WASHINGTON (AP) — Nearly 700 employees of Internal Revenue Service contractors owe $5.4 million in back taxes, said a report Wednesday by the agency’s inspector general.

More than half of those workers are supposed to be ineligible to do work for the IRS because they are not enrolled in installment plans to pay the taxes they owe.

Unlike other federal agencies, the IRS requires employees and those who work on agency contracts to comply with federal tax laws. That means they have to file returns on time and either pay all the taxes they owe or enroll in a payment plan.

“Because many contractor employees have access to sensitive IRS systems and facilities, the IRS should address tax noncompliance for these employees in a similar manner as it would for its own employees,” said J. Russell George, Treasury inspector general for tax administration.

The IRS does a good job of checking compliance when contract workers first start their jobs, the report said. But the agency should do a better job of monitoring whether workers continue to follow tax laws afterward.

The report said the IRS vigorously checks tax compliance among the agency’s 90,000 employees. Contract workers should be held to the same standard, the report said.

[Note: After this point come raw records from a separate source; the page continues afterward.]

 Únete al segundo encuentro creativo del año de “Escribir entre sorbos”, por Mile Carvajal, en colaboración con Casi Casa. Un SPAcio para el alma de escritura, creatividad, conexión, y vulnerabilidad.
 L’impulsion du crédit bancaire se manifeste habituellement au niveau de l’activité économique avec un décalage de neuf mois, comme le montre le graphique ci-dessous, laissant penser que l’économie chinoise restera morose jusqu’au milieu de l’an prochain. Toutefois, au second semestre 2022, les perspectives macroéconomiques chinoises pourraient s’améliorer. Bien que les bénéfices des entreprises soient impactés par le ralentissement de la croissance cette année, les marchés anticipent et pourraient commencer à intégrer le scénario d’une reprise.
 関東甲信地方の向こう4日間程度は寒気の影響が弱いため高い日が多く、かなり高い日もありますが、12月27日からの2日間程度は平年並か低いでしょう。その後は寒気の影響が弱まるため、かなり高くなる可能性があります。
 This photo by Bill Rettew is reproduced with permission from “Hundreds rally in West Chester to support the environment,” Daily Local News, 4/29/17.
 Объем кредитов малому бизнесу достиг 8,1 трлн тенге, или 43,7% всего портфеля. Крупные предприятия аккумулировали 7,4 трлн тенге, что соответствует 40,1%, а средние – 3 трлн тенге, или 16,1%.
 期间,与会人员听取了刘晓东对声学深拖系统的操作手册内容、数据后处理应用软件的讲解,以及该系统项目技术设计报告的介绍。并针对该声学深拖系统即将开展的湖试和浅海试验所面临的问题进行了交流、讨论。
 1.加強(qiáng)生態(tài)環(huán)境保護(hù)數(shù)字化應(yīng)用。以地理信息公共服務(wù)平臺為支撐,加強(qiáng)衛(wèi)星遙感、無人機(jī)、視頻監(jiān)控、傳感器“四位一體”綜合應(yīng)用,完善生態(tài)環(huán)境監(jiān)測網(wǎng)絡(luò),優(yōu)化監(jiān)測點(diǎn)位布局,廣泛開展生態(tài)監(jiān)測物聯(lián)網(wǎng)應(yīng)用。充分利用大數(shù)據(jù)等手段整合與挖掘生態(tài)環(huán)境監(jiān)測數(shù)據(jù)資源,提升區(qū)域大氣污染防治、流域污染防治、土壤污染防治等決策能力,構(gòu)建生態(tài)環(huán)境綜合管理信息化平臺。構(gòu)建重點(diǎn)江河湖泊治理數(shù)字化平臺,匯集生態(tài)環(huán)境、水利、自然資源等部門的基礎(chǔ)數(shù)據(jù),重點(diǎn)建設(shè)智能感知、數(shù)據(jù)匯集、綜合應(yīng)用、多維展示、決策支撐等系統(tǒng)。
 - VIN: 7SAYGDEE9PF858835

“The IRS takes tax compliance for taxpayers and those who work for the IRS very seriously,” the IRS said in a statement. “For an IRS employee, failure to timely pay one’s full federal tax liability is considered misconduct, which may result in discipline or removal.”

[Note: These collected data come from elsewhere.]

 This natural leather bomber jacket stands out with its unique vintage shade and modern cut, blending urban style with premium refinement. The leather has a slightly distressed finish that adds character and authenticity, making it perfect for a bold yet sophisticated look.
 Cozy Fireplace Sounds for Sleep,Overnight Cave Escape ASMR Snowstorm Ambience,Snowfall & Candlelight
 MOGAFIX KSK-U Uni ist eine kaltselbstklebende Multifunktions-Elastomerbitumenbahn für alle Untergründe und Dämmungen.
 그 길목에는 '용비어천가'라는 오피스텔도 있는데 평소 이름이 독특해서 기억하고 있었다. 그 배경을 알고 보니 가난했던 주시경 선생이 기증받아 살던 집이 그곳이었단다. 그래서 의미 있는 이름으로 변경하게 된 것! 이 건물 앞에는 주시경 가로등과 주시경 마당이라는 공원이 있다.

“With regards to contractors, the IRS remains committed to working with these employees to help resolve their tax liabilities, and we remain committed to strengthening our policies to ensure that contractor employees are and remain tax compliant,” the IRS said.

The inspector general’s office reviewed tax records for nearly 13,600 employees of IRS contractors. Investigators found 691 who owed back taxes as of June 2012, the report said. Some 352 of the workers owed back taxes and were not enrolled in a payment plan, for a delinquency rate of 2.6 percent. Those workers owed a total of $2.7 million in back taxes, the report said.

By comparison, the delinquency rate for all federal workers and retirees was 3.2 percent in 2011, according to the IRS statistics. The Treasury Department, which includes the IRS, had the lowest delinquency rate, at 1.1 percent.

Among the general public, 8.2 percent of taxpayers owed delinquent taxes in 2011.

IRS “employees are held to a very strict standard, even in cases of personal hardship. If they fail to file on time or pay their tax debts, they face disciplinary action, including removal,” said Colleen M. Kelley, president of the National Treasury Employees Union, which represents IRS employees. “The IRS has the same requirement for contractors, but they are monitored with much less frequency.”

The IRS said it will review cases of delinquent contract workers and take “additional action as necessary.”

Wednesday’s report looked only at employees of IRS contractors. The inspector general’s office is working on a separate report on back taxes owed by companies that have been awarded IRS contracts, which is expected in the next several weeks.

In 2010, the inspector general reviewed tax records for 135 IRS contractors with contracts of $250,000 or more. At the time, investigators found 20 contractors that owed a total of $5.2 million in delinquent taxes.